Assembly code / AVX instructions for multiplying complex numbers. (Built-in GCC assembly)

We have a scientific program, and we would like to implement the functions of AVX. The whole program (written in Fortran + C) will be vectorized and at the moment I'm trying to implement complex multiplication of numbers in the built-in GCC assembly.

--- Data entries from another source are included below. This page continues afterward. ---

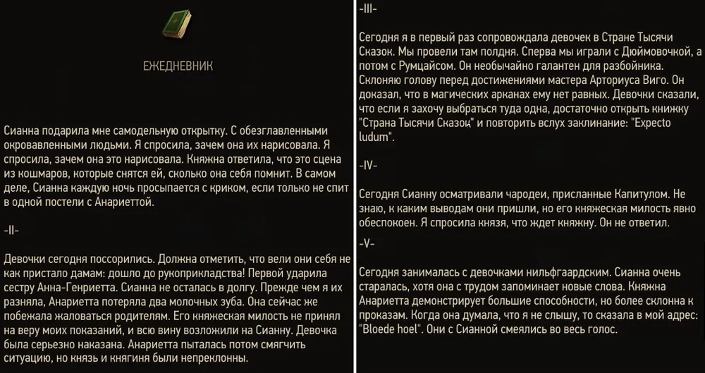 4. «Его княжеская милость беспокоится о дочерях…» (необязательная реплика для продолжения сюжетной линии) – приглашённые чародеи при осмотре Сианны определили у неё синдром «Черного Солнца».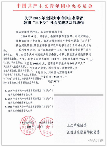 近日,团中央公布了2016年全国大中专学生志愿者暑期“三下乡”社会实践活动优秀单位、团队、个人名单和2016年大中专学生“三下乡”社会实践“千校千项”成果遴选结果。我校荣获2016年全国暑期三下乡社会实践优秀单位等多项荣誉。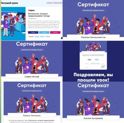 С 16 января по 5 февраля Яндекс проводит занятия в рамках всероссийского образовательного проекта «Урок цифры». Тема урока этого года – «Технологии, которые предсказывают погоду». Учащиеся 9 класса приняли участие в этом мероприятии. Школьники познакомились с IT-профессиями в метеорологии, узнали, как происходят процесс измерения, анализ и прогнозирование атмосферных явлений с помощью технологий.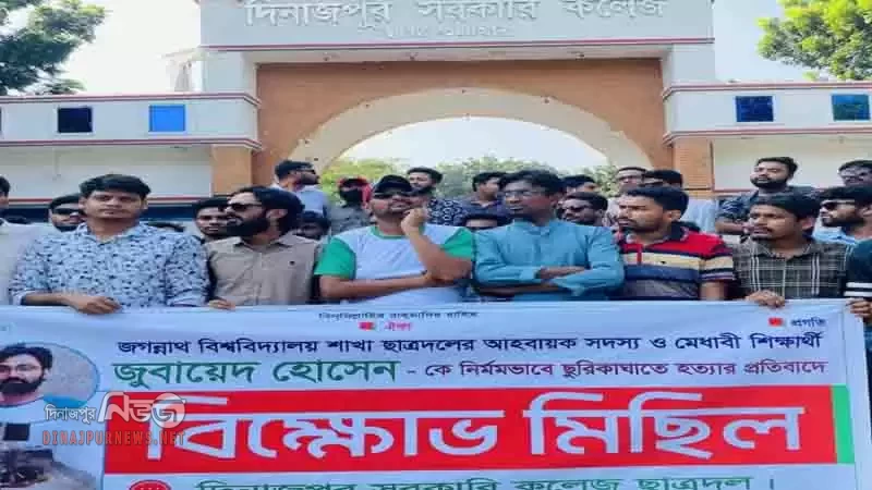 ছাত্রনেতা জুবায়েদ হত্যার প্রতিবাদে দিনাজপুর সরকারি কলেজ ছাত্রদলের বিক্ষোভ মিছিল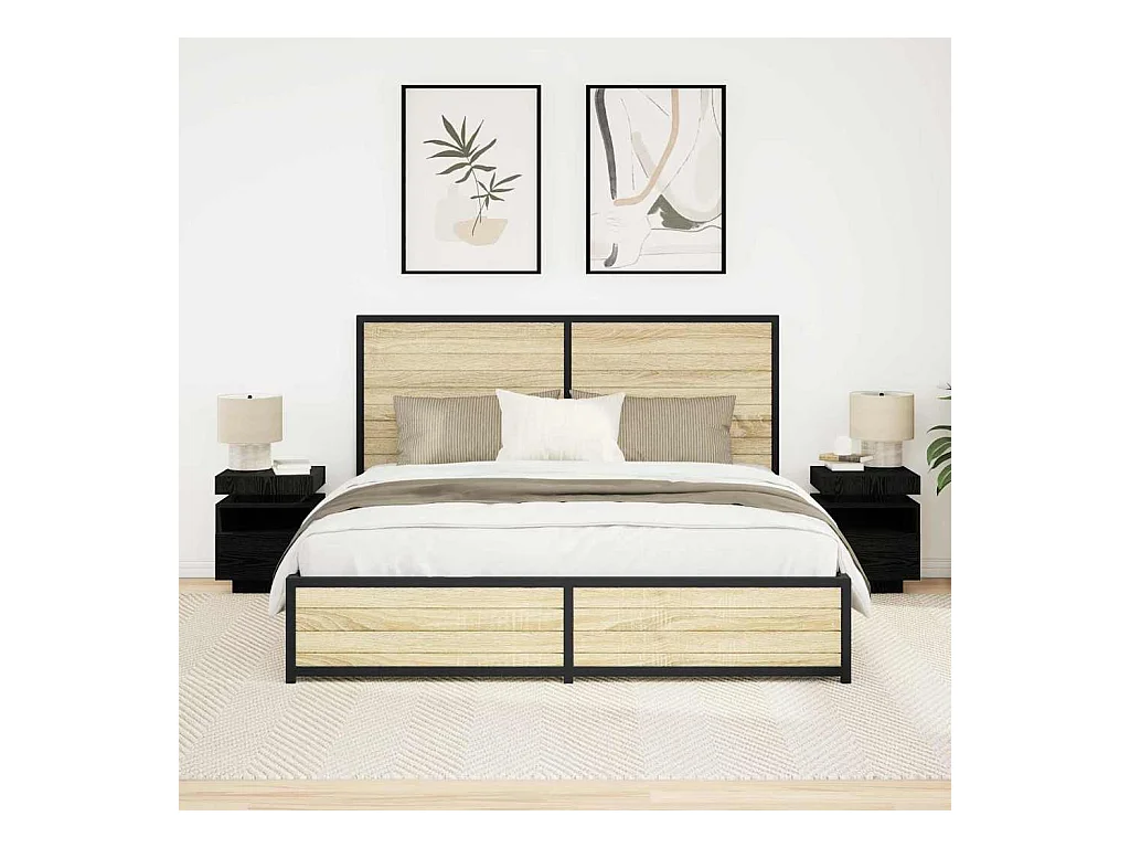 Mesitas de noche | Mesilla de noche 2 uds madera de ingeniería negro 40x36x60 cm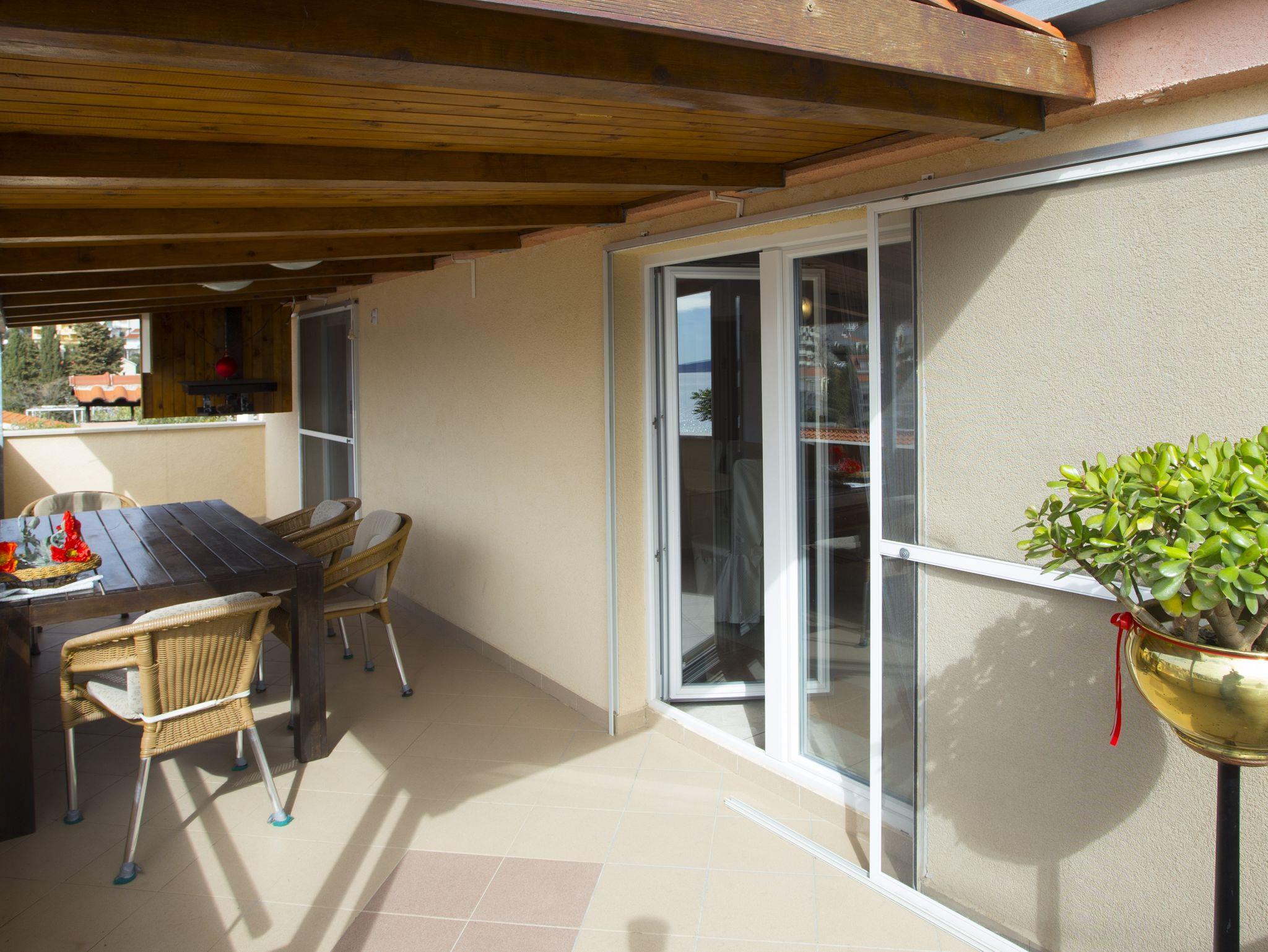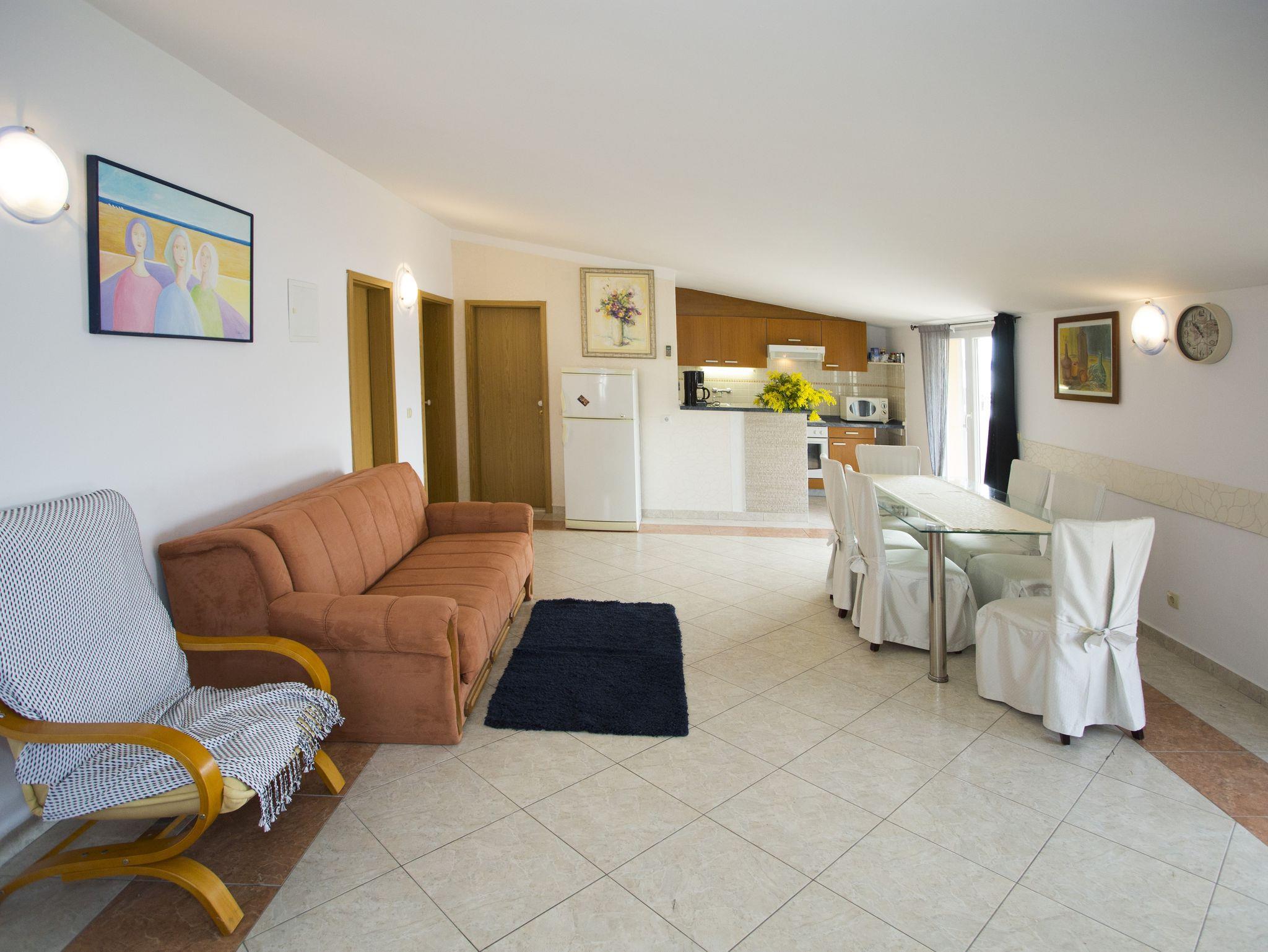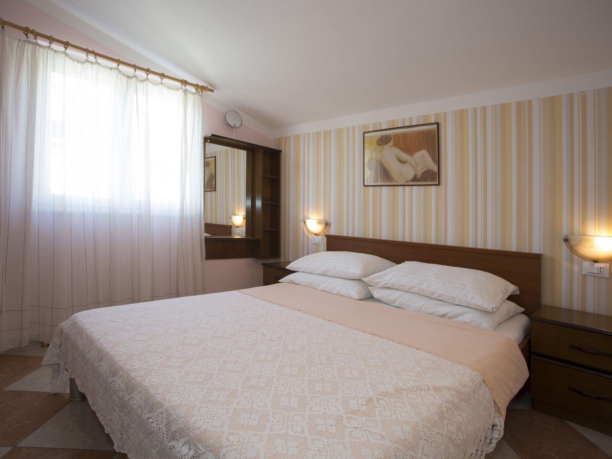 Ferienwohnung bietet Platz für 6 Gäste. Die Betten sind in Schlafzimmern, die es 2 gibt, und in Wohnzimmer, innerhalb einer Gesamtfläche von 52m2, angeordnet. Die Gäste haben eine eigene Terrasse zur Verfügung, auf der sie in warmen Sommernächten genießen können. Das Apartment bietet Meerblick. Es ist erlaubt, Speisen auf dem Gemeinschafts-Grill vorzubereiten. IM PREIS INBEGRIFFEN: Kurtaxe, Endreinigung, Klimatisierung, Parkplatz, Internet, Kinderbett, Bügeleisen, Bügelbrett, Föhn. VERBINDLICHE ZUSÄTZLICHE KOSTEN: Aufzahlung für Kurzaufenthalte (prozentualer Zuschlag pro Nächtigungsanzahl: 30% - 1, 20% - 2, 10% - 3). UNVERBINDLICHE ZUSÄTZLICHE KOSTEN: Bootsanlegeplatz (10,00 € pro Nacht). Die Verfügbarkeit zusätzlicher Dienstleistungen in Ihrem reservierten Termin und die Preise derselben (falls nicht aufgeführt) müssen im Voraus überprüft werden. Zusätzliche Dienstleistungen die in der Zahlungsaufforderung nicht aufgeführt sind werden direkt beim Vermieter bezahlt, angenommen der Gast nutzt auch diese.

The assembly code takes 4 complex numbers and performs two complex multiplications at once:

v2complex cmult(v2complex *a, v2complex *b) { v2complex ret; asm ( "vmovupd %2,%%ymm1;" "vmovupd %2, %%ymm2;" "vmovddup %%ymm2, %%ymm2;" "vshufpd $15,%%ymm1,%%ymm1,%%ymm1;" "vmulpd %1, %%ymm2, %%ymm2;" "vmulpd %1, %%ymm1, %%ymm1;" "vshufpd $5,%%ymm1,%%ymm1, %%ymm1;" "vaddsubpd %%ymm1, %%ymm2,%%ymm1;" "vmovupd %%ymm1, %0;" : "=m"(ret) : "m" (*a), "m" (*b) ); return ret; } 

where a and b are 256-bit double precision:

 typedef union v2complex { __m256d v; complex c[2]; } v2complex; 

The problem is that the code basically gives the correct result, but sometimes it fails.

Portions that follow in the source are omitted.